> _Your assignment_:
Only the lines from the one with "Hatay Büyükşehir Belediye" through the last line of the records below belong in your answer, reproduced exactly and with the pictures left out.

> _Source data_:
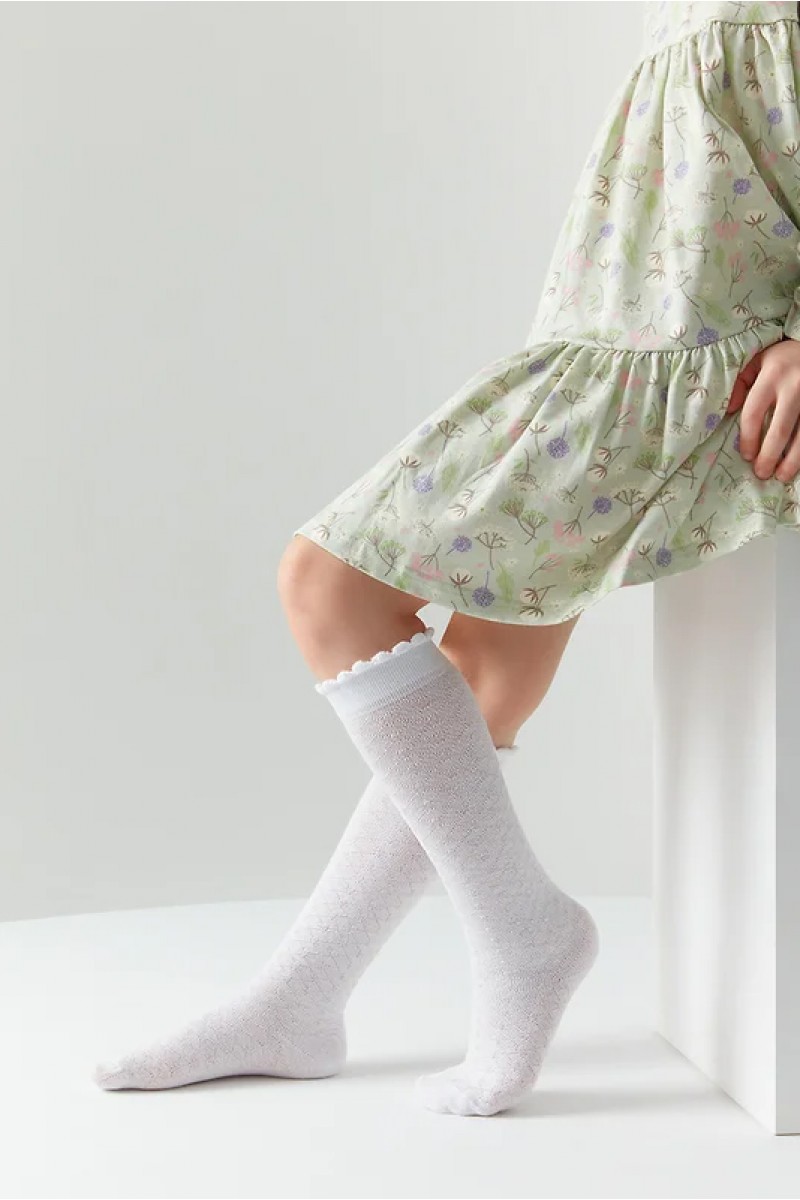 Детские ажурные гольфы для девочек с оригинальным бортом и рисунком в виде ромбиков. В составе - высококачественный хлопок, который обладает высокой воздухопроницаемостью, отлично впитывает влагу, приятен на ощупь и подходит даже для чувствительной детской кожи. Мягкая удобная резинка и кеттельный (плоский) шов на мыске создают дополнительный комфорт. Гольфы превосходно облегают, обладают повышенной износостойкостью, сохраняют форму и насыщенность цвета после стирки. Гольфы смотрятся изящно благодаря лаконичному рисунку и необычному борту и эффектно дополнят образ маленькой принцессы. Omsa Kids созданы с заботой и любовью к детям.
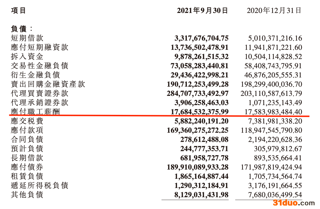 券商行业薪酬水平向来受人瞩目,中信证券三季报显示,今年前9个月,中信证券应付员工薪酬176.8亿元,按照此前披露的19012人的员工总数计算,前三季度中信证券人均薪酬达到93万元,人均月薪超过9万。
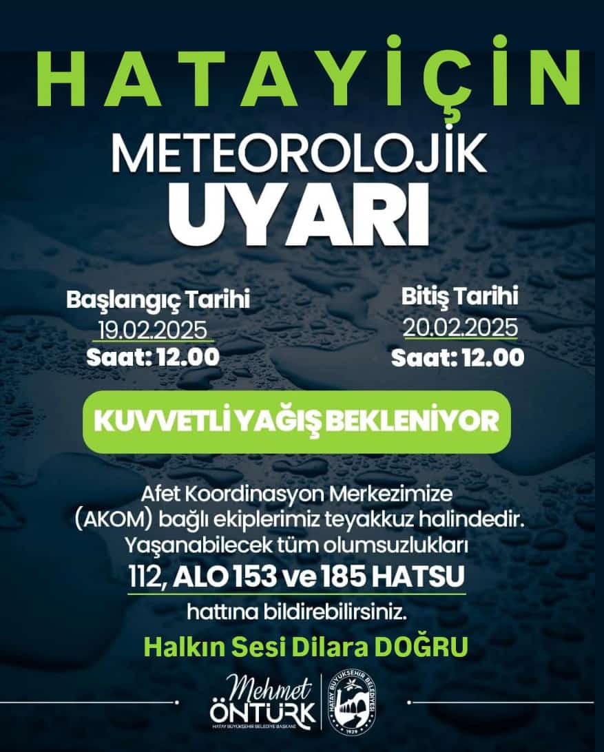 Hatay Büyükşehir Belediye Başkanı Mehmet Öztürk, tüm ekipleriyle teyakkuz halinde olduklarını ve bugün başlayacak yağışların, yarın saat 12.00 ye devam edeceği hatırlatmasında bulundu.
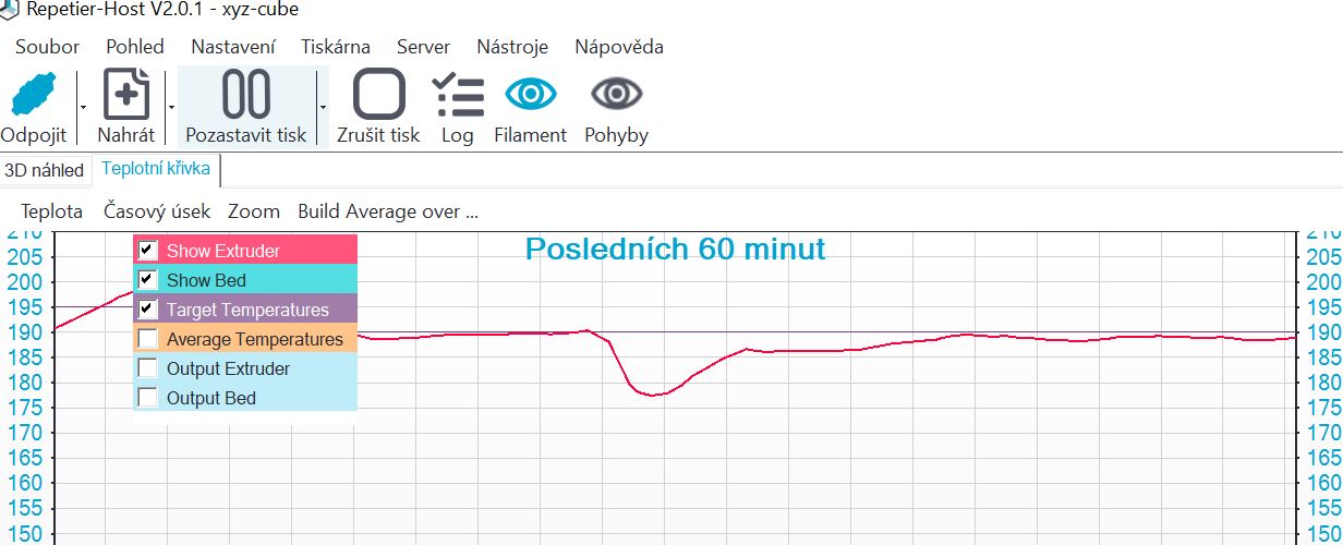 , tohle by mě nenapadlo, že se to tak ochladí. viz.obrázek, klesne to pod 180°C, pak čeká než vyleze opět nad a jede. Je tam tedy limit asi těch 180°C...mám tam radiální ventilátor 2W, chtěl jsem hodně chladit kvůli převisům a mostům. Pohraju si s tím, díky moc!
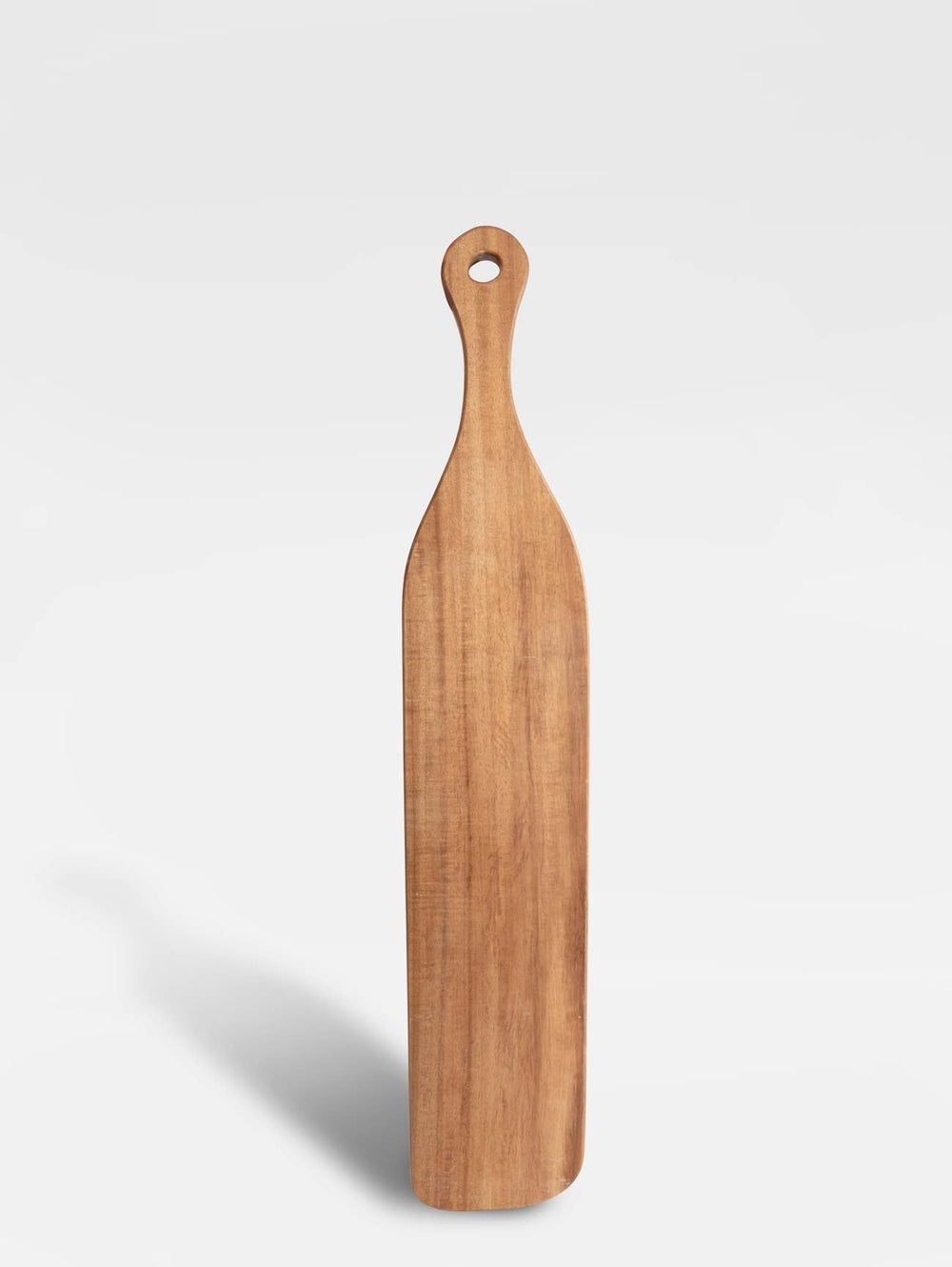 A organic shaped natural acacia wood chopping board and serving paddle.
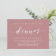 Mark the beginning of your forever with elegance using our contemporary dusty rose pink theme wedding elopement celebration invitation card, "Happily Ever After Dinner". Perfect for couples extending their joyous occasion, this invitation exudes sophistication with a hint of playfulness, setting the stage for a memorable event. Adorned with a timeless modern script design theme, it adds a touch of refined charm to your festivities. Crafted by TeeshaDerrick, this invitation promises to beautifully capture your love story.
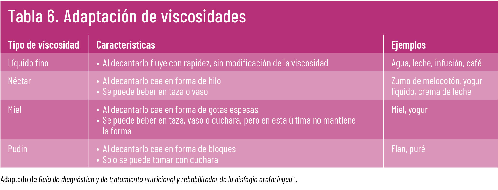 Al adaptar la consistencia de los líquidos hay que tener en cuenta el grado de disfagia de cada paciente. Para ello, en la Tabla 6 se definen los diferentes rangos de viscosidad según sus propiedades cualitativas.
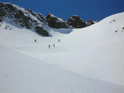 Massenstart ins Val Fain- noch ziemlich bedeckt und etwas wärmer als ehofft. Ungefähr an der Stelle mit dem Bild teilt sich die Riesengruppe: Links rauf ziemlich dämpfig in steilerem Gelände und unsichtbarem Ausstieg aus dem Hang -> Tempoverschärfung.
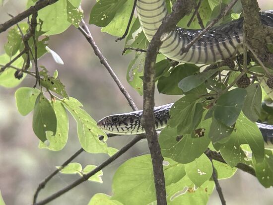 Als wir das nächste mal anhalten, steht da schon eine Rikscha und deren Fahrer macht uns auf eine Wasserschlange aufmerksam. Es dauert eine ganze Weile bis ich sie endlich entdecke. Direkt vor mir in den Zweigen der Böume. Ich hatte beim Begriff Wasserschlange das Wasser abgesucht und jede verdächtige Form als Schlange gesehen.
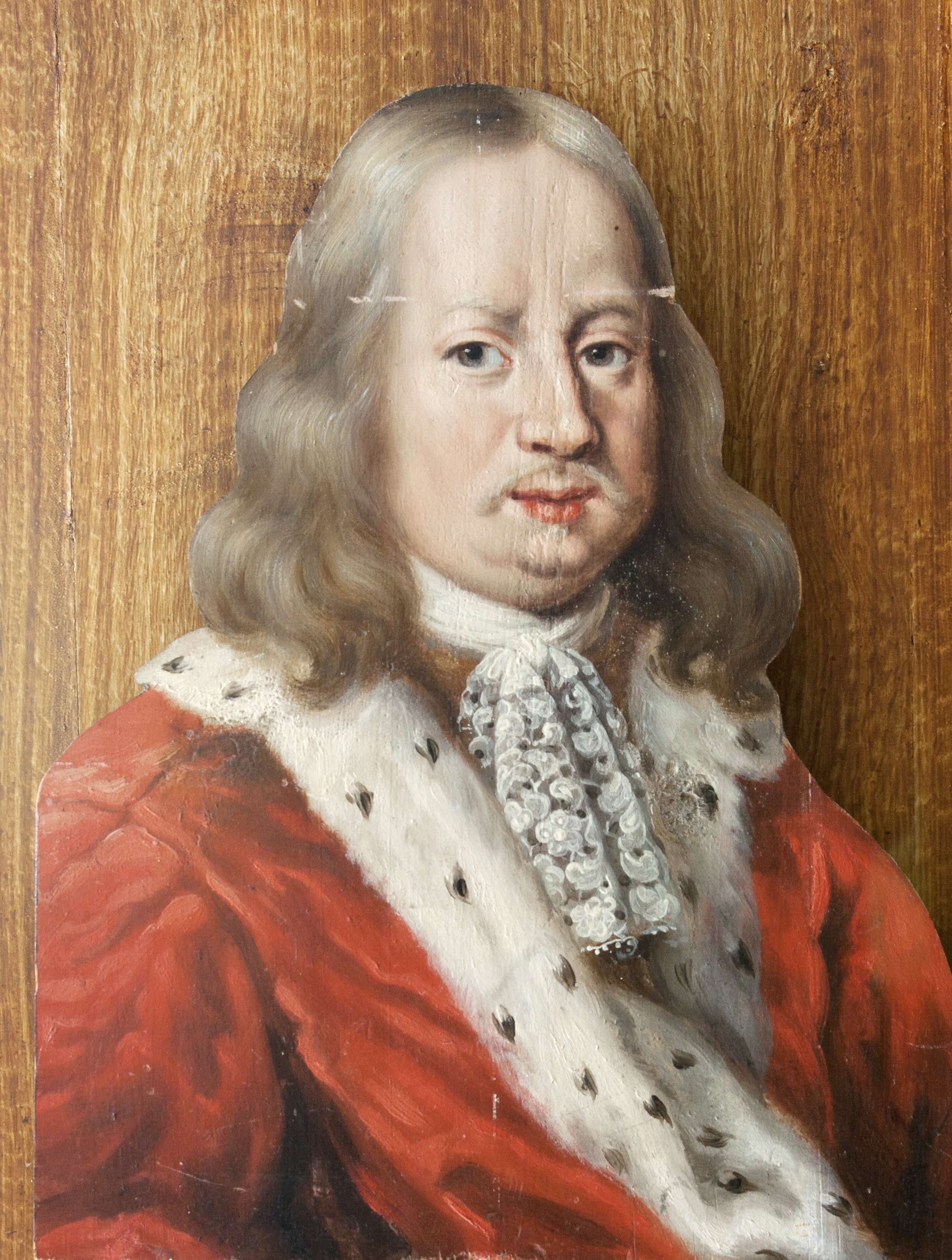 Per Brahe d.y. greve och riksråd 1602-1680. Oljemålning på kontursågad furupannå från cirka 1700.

> _Solution to the problem_:
 Hatay Büyükşehir Belediye Başkanı Mehmet Öztürk, tüm ekipleriyle teyakkuz halinde olduklarını ve bugün başlayacak yağışların, yarın saat 12.00 ye devam edeceği hatırlatmasında bulundu.
 , tohle by mě nenapadlo, že se to tak ochladí. viz.obrázek, klesne to pod 180°C, pak čeká než vyleze opět nad a jede. Je tam tedy limit asi těch 180°C...mám tam radiální ventilátor 2W, chtěl jsem hodně chladit kvůli převisům a mostům. Pohraju si s tím, díky moc!
 A organic shaped natural acacia wood chopping board and serving paddle.
 Mark the beginning of your forever with elegance using our contemporary dusty rose pink theme wedding elopement celebration invitation card, "Happily Ever After Dinner". Perfect for couples extending their joyous occasion, this invitation exudes sophistication with a hint of playfulness, setting the stage for a memorable event. Adorned with a timeless modern script design theme, it adds a touch of refined charm to your festivities. Crafted by TeeshaDerrick, this invitation promises to beautifully capture your love story.
 Al adaptar la consistencia de los líquidos hay que tener en cuenta el grado de disfagia de cada paciente. Para ello, en la Tabla 6 se definen los diferentes rangos de viscosidad según sus propiedades cualitativas.
 Massenstart ins Val Fain- noch ziemlich bedeckt und etwas wärmer als ehofft. Ungefähr an der Stelle mit dem Bild teilt sich die Riesengruppe: Links rauf ziemlich dämpfig in steilerem Gelände und unsichtbarem Ausstieg aus dem Hang -> Tempoverschärfung.
 Als wir das nächste mal anhalten, steht da schon eine Rikscha und deren Fahrer macht uns auf eine Wasserschlange aufmerksam. Es dauert eine ganze Weile bis ich sie endlich entdecke. Direkt vor mir in den Zweigen der Böume. Ich hatte beim Begriff Wasserschlange das Wasser abgesucht und jede verdächtige Form als Schlange gesehen.
 Per Brahe d.y. greve och riksråd 1602-1680. Oljemålning på kontursågad furupannå från cirka 1700.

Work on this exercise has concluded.